FoxM1 expression was detected in 84.6% of diffuse large B-cell lymphoma tumors and found to be significantly associated with proliferative tumor marker Ki67 (P<0.0001), matrix metalloproteinases-2 (P=0.0008), matrix metalloproteinases-9 (P=0.0002), S-phase kinase associated protein-2 (P<0.0001) and inversely associated with p27 expression (P=0.0215). Expression of small interference RNA targeted against FoxM1 or treatment of diffuse large B-cell lymphoma cells with thiostrepton caused its downregulation accompanied by decreased expression of matrix metalloproteinases-2 and matrix metalloproteinases-9. Inhibition of FoxM1 in diffuse large B-cell lymphoma cells also decreased invasive and migratory capability, and induced caspase dependent apoptosis via activation of the mitochondrial apoptotic pathway. Finally, combined thiostrepton and bortezomib at sub-toxic doses led to efficient apoptosis in diffuse large B-cell lymphoma cells.
Altogether, these results suggest that FoxM1 is over-expressed in the majority of diffuse large B-cell lymphoma samples. These data also indicate that targeting FoxM1 signaling can serve as a potential therapeutic modality in the management of diffuse large B-cell lymphoma.

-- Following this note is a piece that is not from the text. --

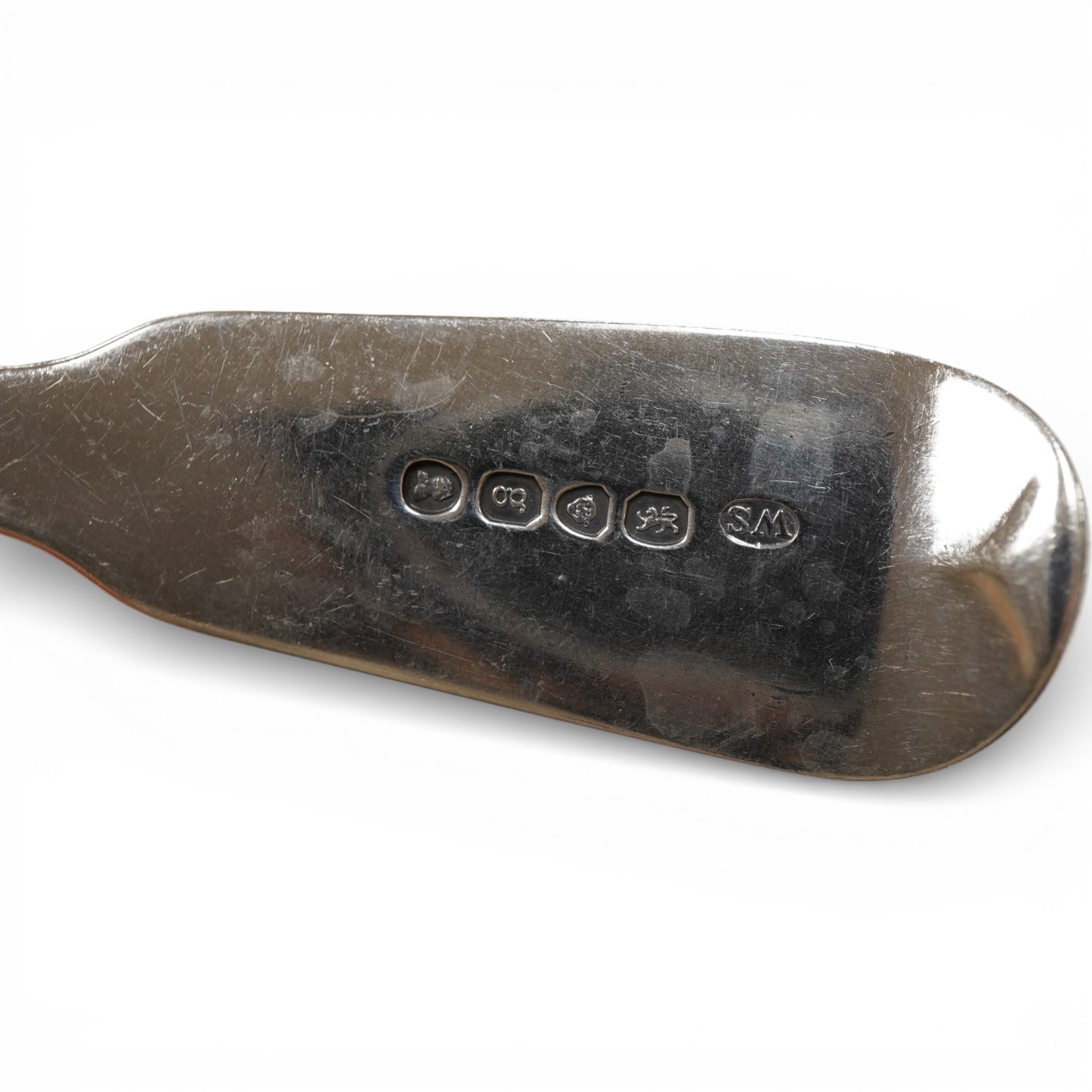 Lot 833 , A harlequin set of seven George III and later silver fiddle pattern table spoons, various dates and makers, 16.7oz.

FoxM1 已被证明在各种上皮恶性肿瘤的发病机制中发挥关键作用。然而,其在淋巴恶性肿瘤中的作用尚未完全阐明。因此,我们在大量弥漫性大 B 细胞淋巴瘤样本和细胞系中研究了 FoxM1 表达的作用。
通过免疫组织化学方法在组织微阵列格式中研究了大量弥漫性大 B 细胞淋巴瘤组织中的 FoxM1 表达。通过流式细胞术测量细胞凋亡,并用免疫印迹法检测弥漫性大 B 细胞淋巴瘤细胞系在用 FoxM1 抑制剂或小干扰 RNA 敲低策略处理后的蛋白表达。在用 FoxM1 抑制剂处理后,还进行了侵袭/迁移和软琼脂集落测定。
FoxM1 在 84.6%的弥漫性大 B 细胞淋巴瘤肿瘤中表达,并且与增殖性肿瘤标志物 Ki67 显著相关(P<0.0001)、基质金属蛋白酶-2(P=0.0008)、基质金属蛋白酶-9(P=0.0002)、S 期激酶相关蛋白-2(P<0.0001)和 p27 表达呈负相关(P=0.0215)。针对 FoxM1 的小干扰 RNA 的表达或用噻唑斯汀处理弥漫性大 B 细胞淋巴瘤细胞会导致其下调,同时伴随着基质金属蛋白酶-2 和基质金属蛋白酶-9 的表达降低。在弥漫性大 B 细胞淋巴瘤细胞中抑制 FoxM1 也会降低侵袭和迁移能力,并通过激活线粒体凋亡途径诱导 caspase 依赖性凋亡。最后,在亚毒性剂量下联合使用噻唑斯汀和硼替佐米可有效诱导弥漫性大 B 细胞淋巴瘤细胞凋亡。
总之,这些结果表明 FoxM1 在大多数弥漫性大 B 细胞淋巴瘤样本中过表达。这些数据还表明,靶向 FoxM1 信号可能是管理弥漫性大 B 细胞淋巴瘤的一种潜在治疗方法。